En cuanto a El rayo que no cesa, escrito en 1935 y aparecido en enero de 1936, sus contradicciones resultan tan manifiestas que se acusan en su propio índice, a través de la alternancia entre los sonetos y los tres poemas en otras métricas, haciéndose cargo de la vertebración del libro, como veremos. Además, la temática amorosa encubre o recubre la profunda crisis existencial e ideológica que acababa de atravesar su autor, llevándolo desde el neocatolicismo hasta un compromiso político abocado al comunismo. De forma que su alcance solo se puede calibrar considerando todo el arco de ese proceso, encomendado a las dos versiones de un libro nonato, El silbo vulnerado.
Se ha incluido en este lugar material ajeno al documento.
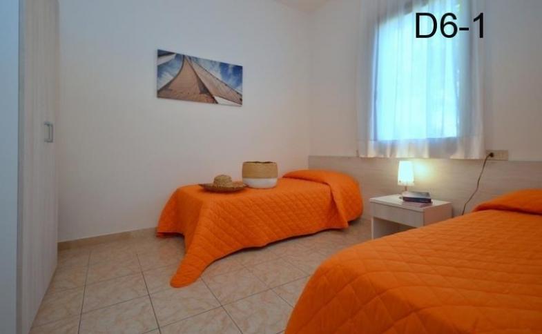 | apartmány jsou příjemně zařízeny, vždy s vybaveným kuchyňským koutem, mikrovlnná trouba, kávovar, SPR+WC, TV/SAT, trezor, klimatizace, terasa, zahrádka. D6: (Via Mughetti 3, max. 6 osob) dvě ložnice po dvou lůžkách, ložnice s jedním lůžkem (nebo s patrovým lůžkem), denní místnost (s rozkládacím lůžkem nebo bez), kuchyňský kout. Klimatizace. D6-1: (Via Azalee 22/B, max. 6 osob) tři ložnice po dvou lůžkách, denní místnost s kuchyňským koutem. Klimatizace. |
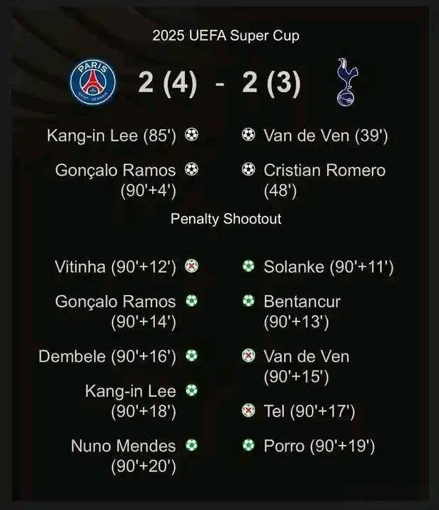 这本该是一举改变热刺整个俱乐部的气质的比赛。 可惜,特尔的替补登场,彻底毁掉了整队的努力。一个鲁莽的定位球犯规,直接让巴黎完成绝平,然后点球大战还要飞点...... 可惜啊热刺,领先了一整场,结果在第85分钟被扳回一城,第90+4分钟被绝平,距离夺冠、距离改变球队历史,仅差几秒了。 如果那个韩国人还在,结局会不会有所不同? 如果巴黎没有这个韩国人的进球,或许结局也会大为不同。 最终,巴黎让二追二,在常规时间双方战成2比2平手,没有加时赛,直接进入点球大战,然后巴黎险胜热刺。 努诺·门德斯进球! 巴黎又一次将英超球队斩于马下。 上赛季欧冠的曼城、利物浦、维拉、阿森纳,再加上此次欧超杯的热刺。看来,巴黎只怕世俱杯的切尔西啊.

Y también a la secuencia de obras dramáticas que comienza en el auto sacramental Quién te ha visto y quién te ve y sombra de lo que eras, prosigue con El torero más valiente o Los hijos de la piedra y remata, a estos efectos, en El labrador de más aire.

Viento del Pueblo, escrito en 1936 y 1937 y editado este último año, quizá sea el más ceñido a las circunstancias que lo arropan, por su perfil episódico, de crónica urgente. Pero el carácter bifronte de los poemarios hernandianos apuntado más arriba vuelve con El hombre acecha, escrito en 1937 y 1938 y entregado al año siguiente a la imprenta, donde quedó varado, sin encuadernar, por la derrota republicana. La vivencia de la paternidad esbozada en la «Canción del esposo soldado» de Viento del pueblo irrumpe en El hombre acecha desde el prólogo, donde se alude a su hijo muerto. Y los tres poemas en metros cortos y en cursivas manifiestan ya el decisivo giro hacia el Cancionero y romancero de ausencias, preparando el terreno para el clímax que supone «Hijo de la luz y de la sombra», resolviendo algunas de las contradicciones pendientes desde el ciclo bélico.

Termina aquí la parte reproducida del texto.